Frequent primary effects during acute heart failure due to neuroendocrine activation due to diuretic use, renal dysfunction, or iatrogenic electrolyte disturbances Sodium and potassium metabolism.
•Hyponatremia: plasma sodium concentration <135 mEq/L (the main abnormality of sodium homeostasis in acute heart failure).
✎The pathophysiology of hyponatremia:
① Unable to excrete free water (diluted hyponatremia) ,
②Due to sodium depletion (exhausted hyponatremia),
③A combination of the above two.
•Hypokalemia (plasma K<3.5 mEq/L) usually occurs in acute heart failure secondary to diuretic-induced diuresis and potassium depletion.
✎In clinical practice, the use of loop diuretics is the most common cause of hypokalemia.
✎Treatment: Add upfront MRA therapy, add RAAS blockade, and potassium supplementation during decongestion.
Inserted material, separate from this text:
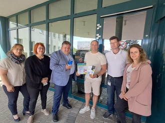 Am 20.05.2025 überreichte Christina Medrow (1. v.r.) vom Kinder- und Jugendschutzdienst „Villa Immergrün“ des Trägerwerk Soziale Dienste in Thüringen gGmbH alle notwendigen Unterlagen und das Notinsel-Zeichen unter anderem an den Landrat Sven Gregor (3. v. l.) und Frank Börner (3. v. r.). Herr Börner ist als Sachbearbeiter im Foyer der erste Ansprechpartner für Kinder, die das Landratsamt als sichere Schutzzone nutzen möchten. Jedes Kind kann im Landratsamt und bei allen anderen beteiligten Notinseln einen sicheren Zufluchtsort finden.
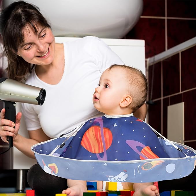 - Umbrella-Shaped Deep Groove Design: The deep groove adopt a unique umbrella-shaped deep groove design, which can effectively avoid hair from falling to clothes or the floor, making cleaning easier and faster. The bright and lively space theme pattern on the kids barber cape not only makes children feel happy, but also makes them more comfortable when they have a haircut

✎In addition to potassium depletion, diuretic use often results in magnesium depletion or refractory hypokalemia. Although not supported by strong experimental evidence, appropriate magnesium supplementation may be considered during diuretic therapy.

< p>Conclusion

➤Diuretics are the cornerstone of acute heart failure treatment;
➤Rational use of diuretics is the key to successful heart failure drug therapy and foundation;
➤ Fully understanding the mechanism of action of diuretics and guideline recommendations is conducive to more effectively improving the volume load of acute heart failure;

< section>➤During the use of diuretics, pay attention to the adverse effects such as electrolyte disturbance and renal function damage, and adjust the medication strategy in time;

➤On the basis of diuretics, also Other drugs or device-related heart failure treatment under the guidance of guidelines should be fully carried out.